- EXERCISE DIRECTIONS -
Could you copy exactly the lines below from the one with "ネントリーズ株式会社は社内イ" to the one with "혹시 블로그용으로 제가", inclusive, leaving out any pictures?

- THE RECORDS -
-*-

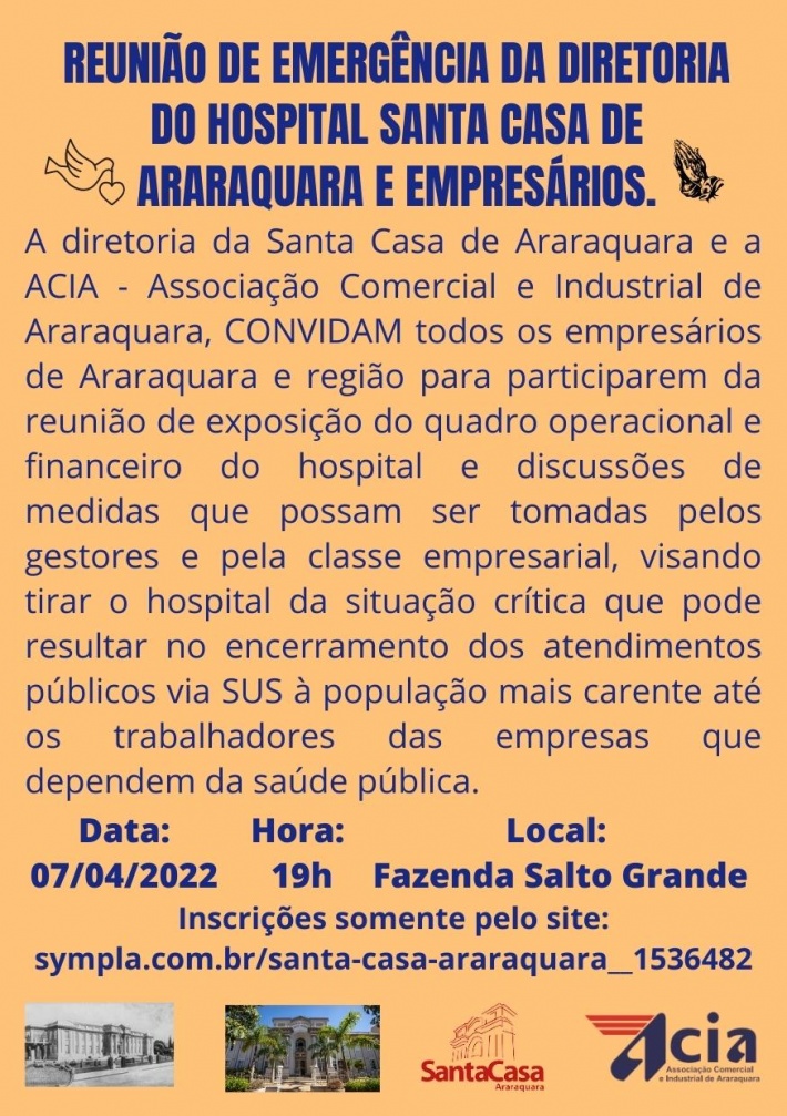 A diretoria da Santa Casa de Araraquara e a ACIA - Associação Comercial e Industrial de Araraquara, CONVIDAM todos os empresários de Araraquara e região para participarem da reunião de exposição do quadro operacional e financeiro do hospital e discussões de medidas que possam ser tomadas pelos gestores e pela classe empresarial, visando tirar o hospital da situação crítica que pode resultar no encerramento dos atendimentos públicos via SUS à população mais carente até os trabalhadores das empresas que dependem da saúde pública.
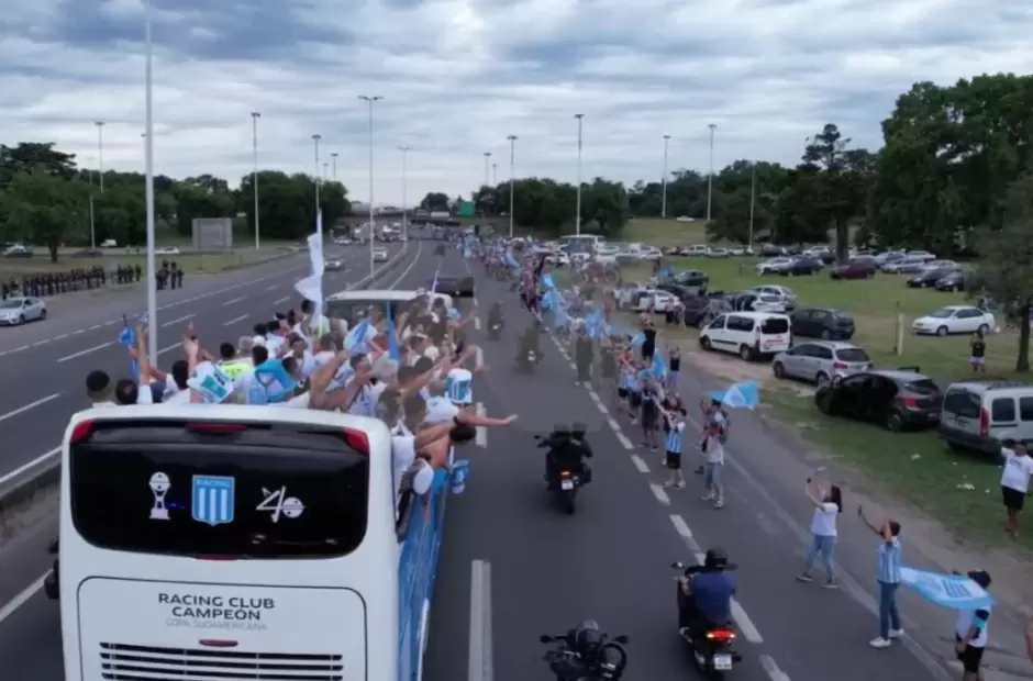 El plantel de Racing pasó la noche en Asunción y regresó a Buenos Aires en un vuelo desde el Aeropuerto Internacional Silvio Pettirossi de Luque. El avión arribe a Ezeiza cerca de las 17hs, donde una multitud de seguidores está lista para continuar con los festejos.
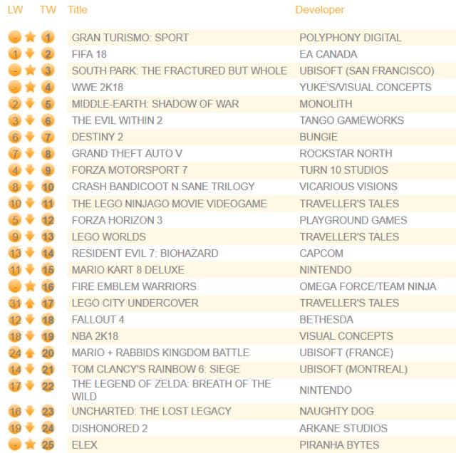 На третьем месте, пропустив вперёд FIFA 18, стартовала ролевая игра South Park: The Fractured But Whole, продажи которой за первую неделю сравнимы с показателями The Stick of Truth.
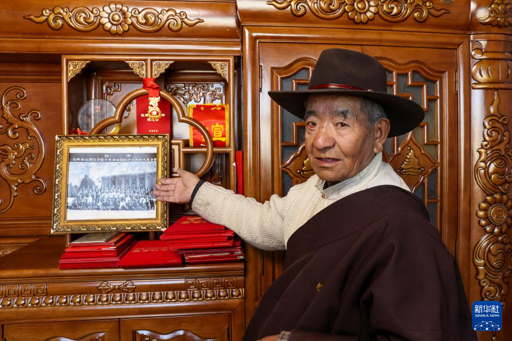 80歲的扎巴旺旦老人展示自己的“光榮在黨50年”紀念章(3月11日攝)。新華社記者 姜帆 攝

-*-

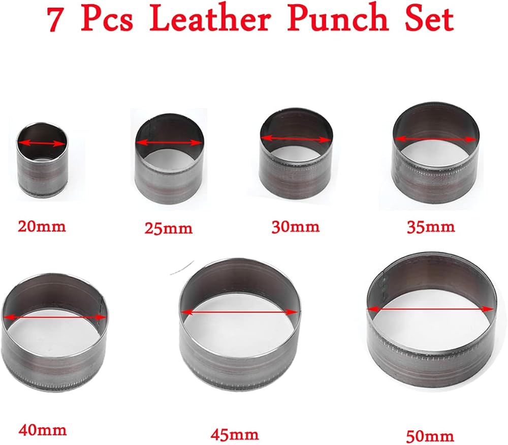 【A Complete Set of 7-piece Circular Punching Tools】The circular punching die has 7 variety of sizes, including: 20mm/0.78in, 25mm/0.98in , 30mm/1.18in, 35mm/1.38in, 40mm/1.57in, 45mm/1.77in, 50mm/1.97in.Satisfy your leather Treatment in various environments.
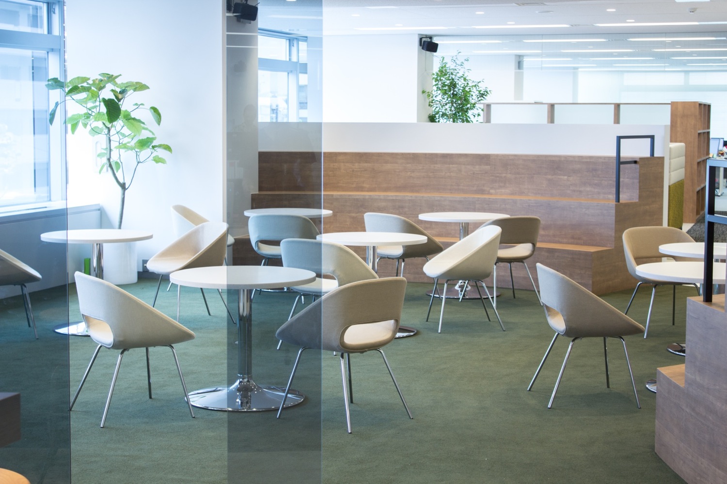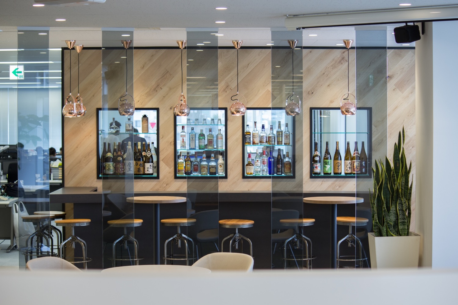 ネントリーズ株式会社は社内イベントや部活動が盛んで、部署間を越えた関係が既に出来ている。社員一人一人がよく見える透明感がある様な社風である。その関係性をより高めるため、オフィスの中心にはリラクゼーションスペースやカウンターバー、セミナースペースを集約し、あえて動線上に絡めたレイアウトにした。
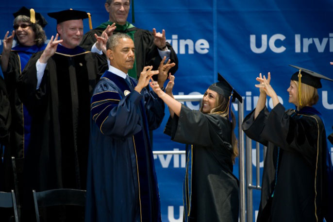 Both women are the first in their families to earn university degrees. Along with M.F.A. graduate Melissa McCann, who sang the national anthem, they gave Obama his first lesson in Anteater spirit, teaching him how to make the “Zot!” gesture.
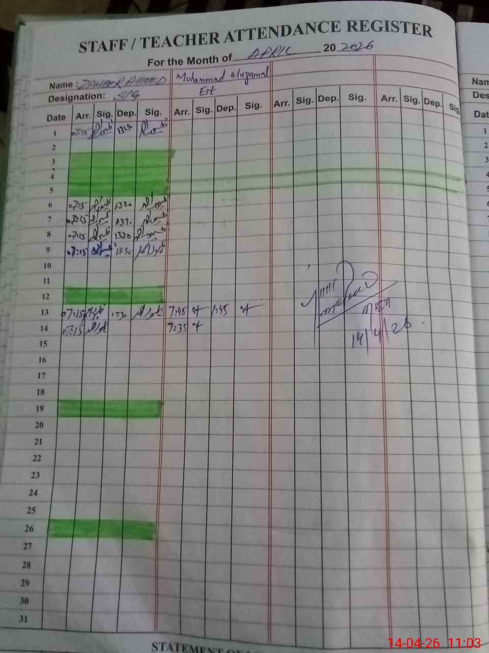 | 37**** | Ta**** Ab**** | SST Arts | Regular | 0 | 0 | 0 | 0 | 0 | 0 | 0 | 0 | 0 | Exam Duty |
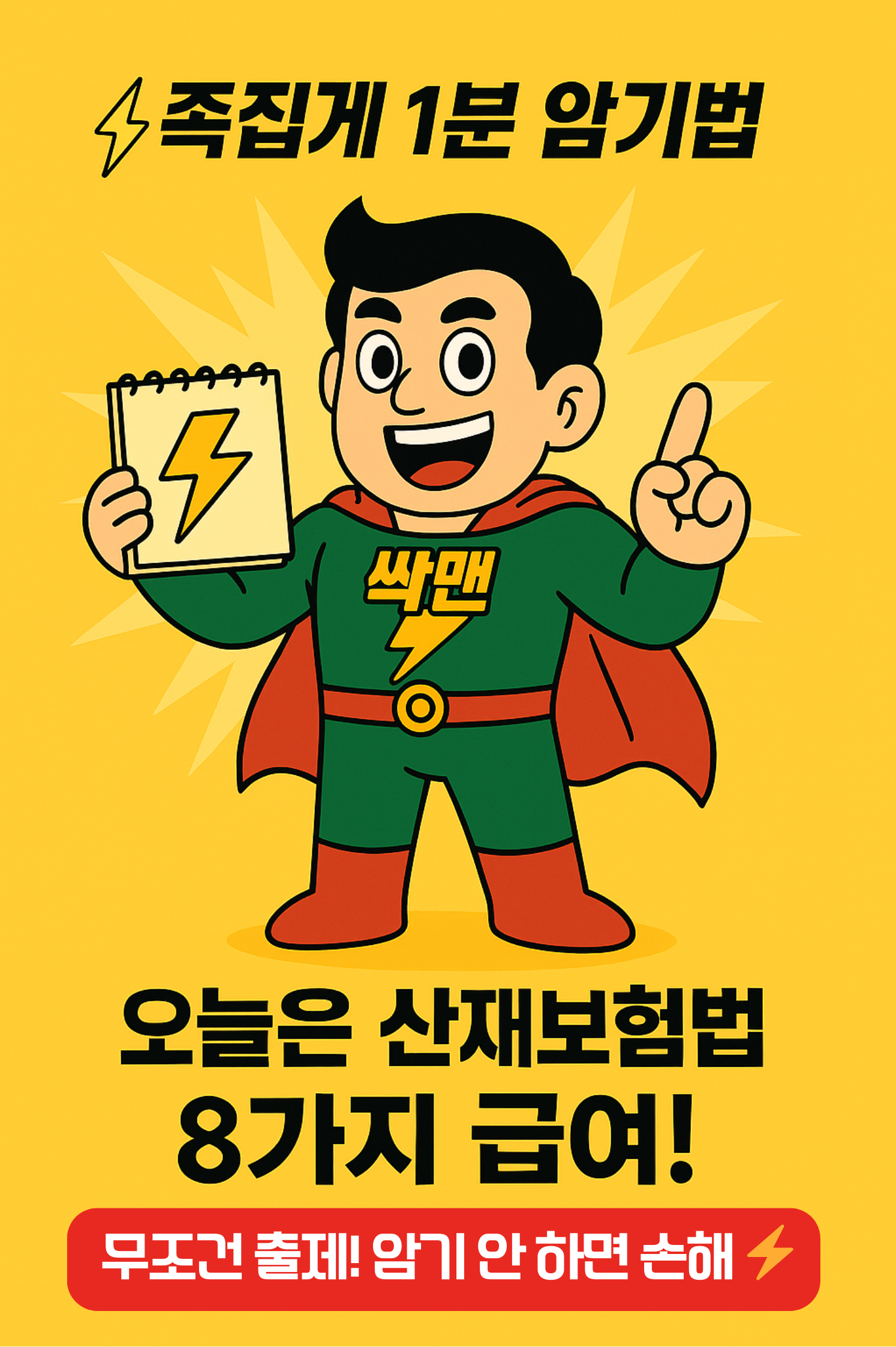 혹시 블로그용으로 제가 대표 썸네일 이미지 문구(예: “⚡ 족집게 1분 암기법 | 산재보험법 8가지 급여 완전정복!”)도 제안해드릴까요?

-*-

- EXERCISE ANSWER -
 ネントリーズ株式会社は社内イベントや部活動が盛んで、部署間を越えた関係が既に出来ている。社員一人一人がよく見える透明感がある様な社風である。その関係性をより高めるため、オフィスの中心にはリラクゼーションスペースやカウンターバー、セミナースペースを集約し、あえて動線上に絡めたレイアウトにした。
 Both women are the first in their families to earn university degrees. Along with M.F.A. graduate Melissa McCann, who sang the national anthem, they gave Obama his first lesson in Anteater spirit, teaching him how to make the “Zot!” gesture.
 | 37**** | Ta**** Ab**** | SST Arts | Regular | 0 | 0 | 0 | 0 | 0 | 0 | 0 | 0 | 0 | Exam Duty |
 혹시 블로그용으로 제가 대표 썸네일 이미지 문구(예: “⚡ 족집게 1분 암기법 | 산재보험법 8가지 급여 완전정복!”)도 제안해드릴까요?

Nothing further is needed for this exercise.